PKV Beitrag 2015


Um den PKV Beitrag ranken sich immer wieder Gerüchte. Dabei ist das Prinzip so einfach. Richtet sich der Beitrag zur Gesetzlichen Krankenversicherung nach dem Einkommen, so richtet sich der PKV Beitrag nach den Leistungen.

 

Die Beitragsermittlung

Abhängig von Leistungen, Alter, Geschlecht und Vorerkrankungen wird für jede Alterskohorte ein Durchschnittsbeitrag ermittelt, welcher auch schon die steigenden Kosten im Alter berücksichtigt. Dieser so ermittelte Beitrag ist weitestgehend stabil daher unterliegt der PKV Beitrag auch nicht solch massiven Steigerungen und Veränderungen wie der Beitrag zur GKV.

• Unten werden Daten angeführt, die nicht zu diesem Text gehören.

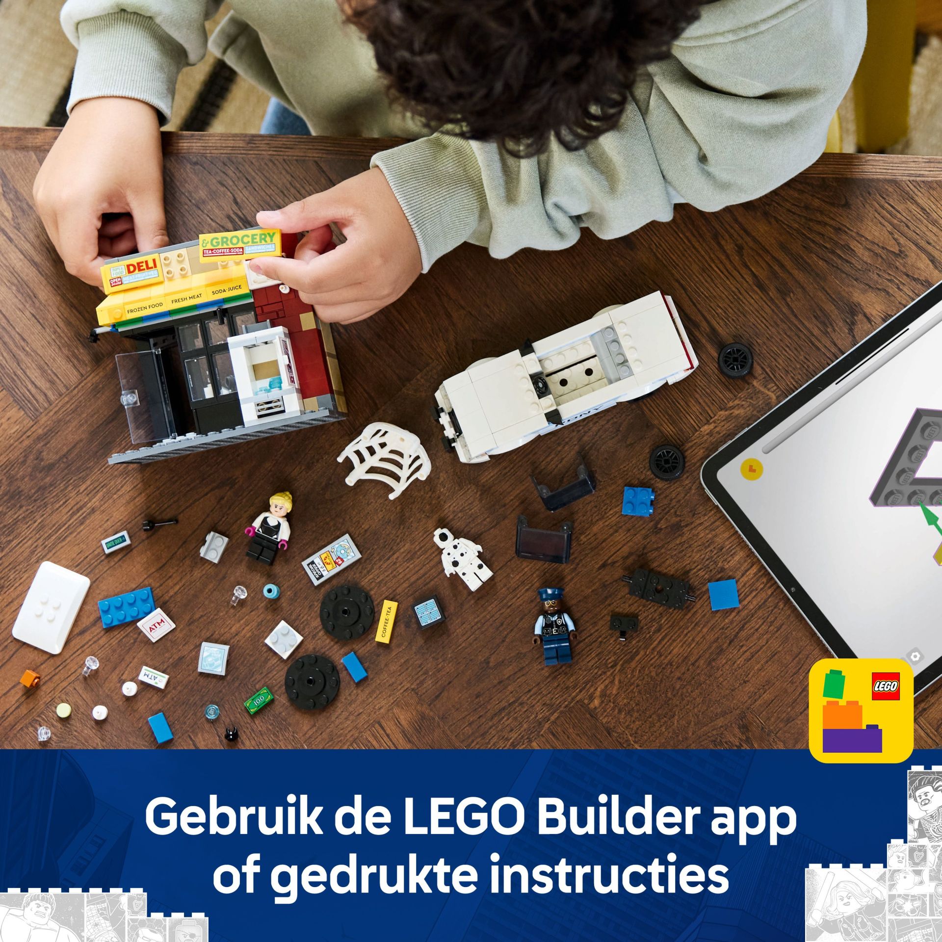 - Superheldenspeelset om te bouwen en mee te spelen – dankzij de muur met explosiefunctie van de supermarkt kan de geldautomaat worden gestolen door de Spot voor eindeloze fantasierijke avonturen

Eine PKV kann sich also lohnen. Besonders, wenn der Versicherte noch jung ist und eine lange Versicherungszeit vorausgesetzt werden kann, aber auch für die Älteren ist mancher PKV Beitrag mehr als Interessant.

Wer also über der Beitragsbemessungsgrenze von 49500 Euro im Jahr liegt oder selbstständig ist, der sollte auf jeden Fall einmal einen Blick auf den PKV Beitrag werfen, manchmal ist dieser wesentlich günstiger als der Beitrag der GKV!

Die Richtigstellung

Ein weiteres Gerücht ist, dass man aus der PKV nicht herauskommt und den PKV Beitrag lebenslang zahlen muss. Das ist falsch. Wie jede andere Versicherung unterliegt der PKV Vertrag einer Kündigungsfrist, zu der er gekündigt werden kann. Im Falle, das die Selbstständigkeit aufgegeben wird, der Versicherte soziale Hilfen bezieht oder sein einkommen sinkt, zum Beispiel durch Arbeitslosigkeit, steht der Weg zurück in die GKV natürlich offen. Das Risiko ist als recht gering, einen PKV Beitrag zahlen zu müssen, der irgendwann den finanziellen Rahmen sprengt.

Übrigens ist es auch ohne Probleme möglich, den PKV Beitrag durch einen Tarif-Wechsel zu senken, hier berät sie sicher gerne ihr Versicherungsagent.